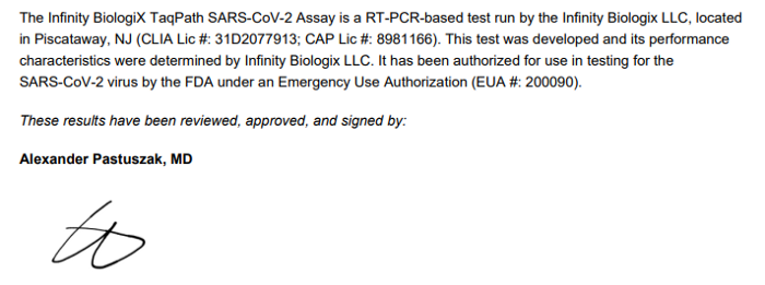 Ohio University faculty and staff also receive documentation of their testing results that also explicitly states it is only FDA emergency use authorized.
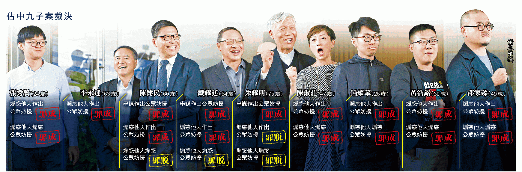 【本報訊】87枚催淚彈、79天佔領、數以萬計港人政治覺醒……2014年佔領行動,理想是全民公民抗命,但刑責最終落在佔中三子等九人身上。經歷18天審訊,法庭昨裁定九人全部罪成。三子首先展開求情程序,最年長的牧師朱耀明親自陳詞,哭着回顧一生,指催淚彈一幕令他腦海閃現六四事件畫面,又自言是敲鐘者,旨在喚醒人們良知,「如果我仍有氣力,必繼續在教會、在世上、在人心裏敲鐘」。戰友戴耀廷和陳健民不忍朱牧年邁,只求法庭不判朱牧入獄,「我寧願我代佢坐」。
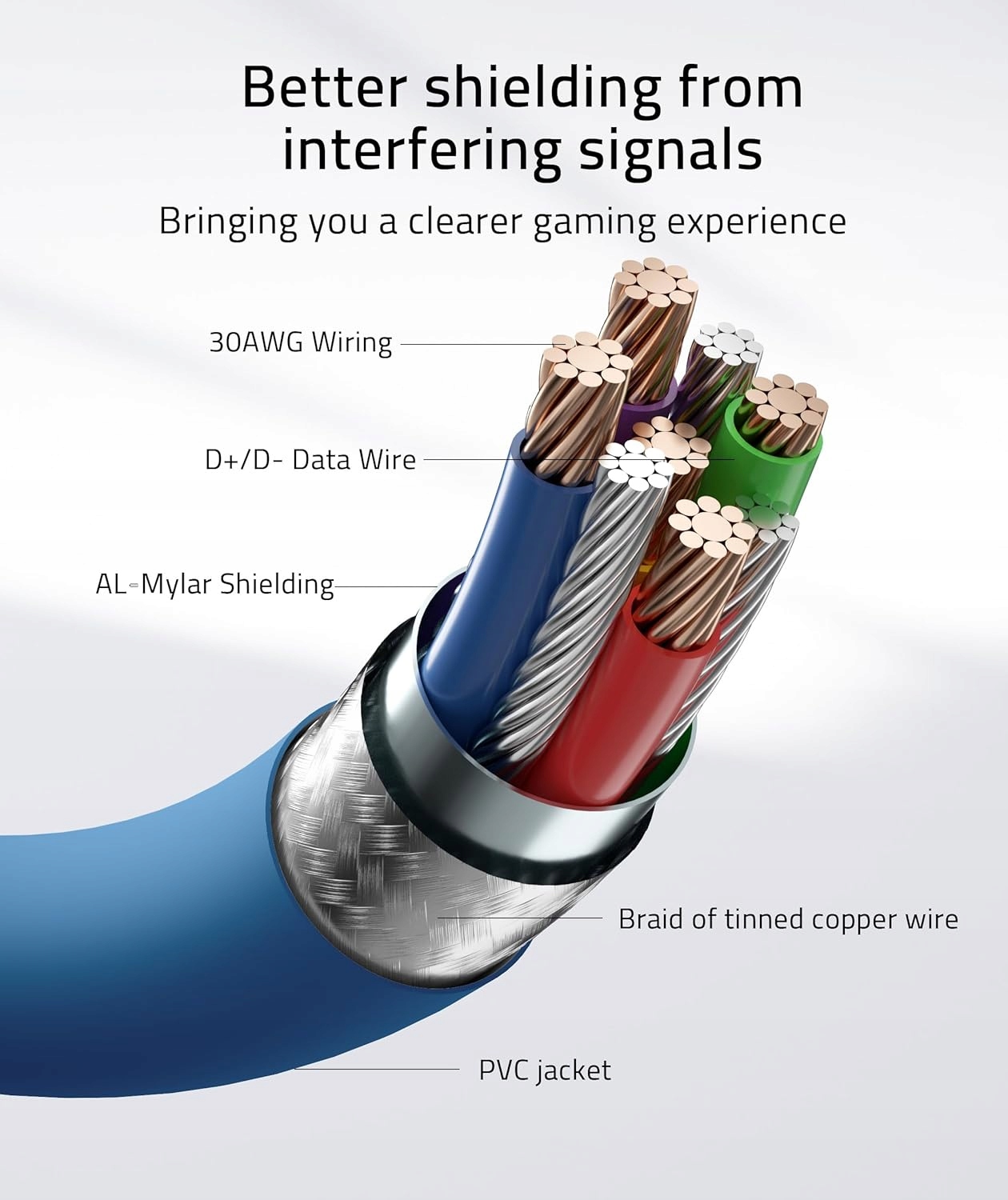 Продолжительность 16 футов (около 5 метров) обеспечивает значительную свободу движения во время игры, не опасаясь случайного отключения или ограничения движений. Прикрепленный ремешок на липучке помогает защитить кабель у очков.

──────────

[Problem statement]: The data must be reproduced exactly, and no picture may appear in the copy.

[Exercise response]:
 Ohio University faculty and staff also receive documentation of their testing results that also explicitly states it is only FDA emergency use authorized.
 【本報訊】87枚催淚彈、79天佔領、數以萬計港人政治覺醒……2014年佔領行動,理想是全民公民抗命,但刑責最終落在佔中三子等九人身上。經歷18天審訊,法庭昨裁定九人全部罪成。三子首先展開求情程序,最年長的牧師朱耀明親自陳詞,哭着回顧一生,指催淚彈一幕令他腦海閃現六四事件畫面,又自言是敲鐘者,旨在喚醒人們良知,「如果我仍有氣力,必繼續在教會、在世上、在人心裏敲鐘」。戰友戴耀廷和陳健民不忍朱牧年邁,只求法庭不判朱牧入獄,「我寧願我代佢坐」。
 Продолжительность 16 футов (около 5 метров) обеспечивает значительную свободу движения во время игры, не опасаясь случайного отключения или ограничения движений. Прикрепленный ремешок на липучке помогает защитить кабель у очков.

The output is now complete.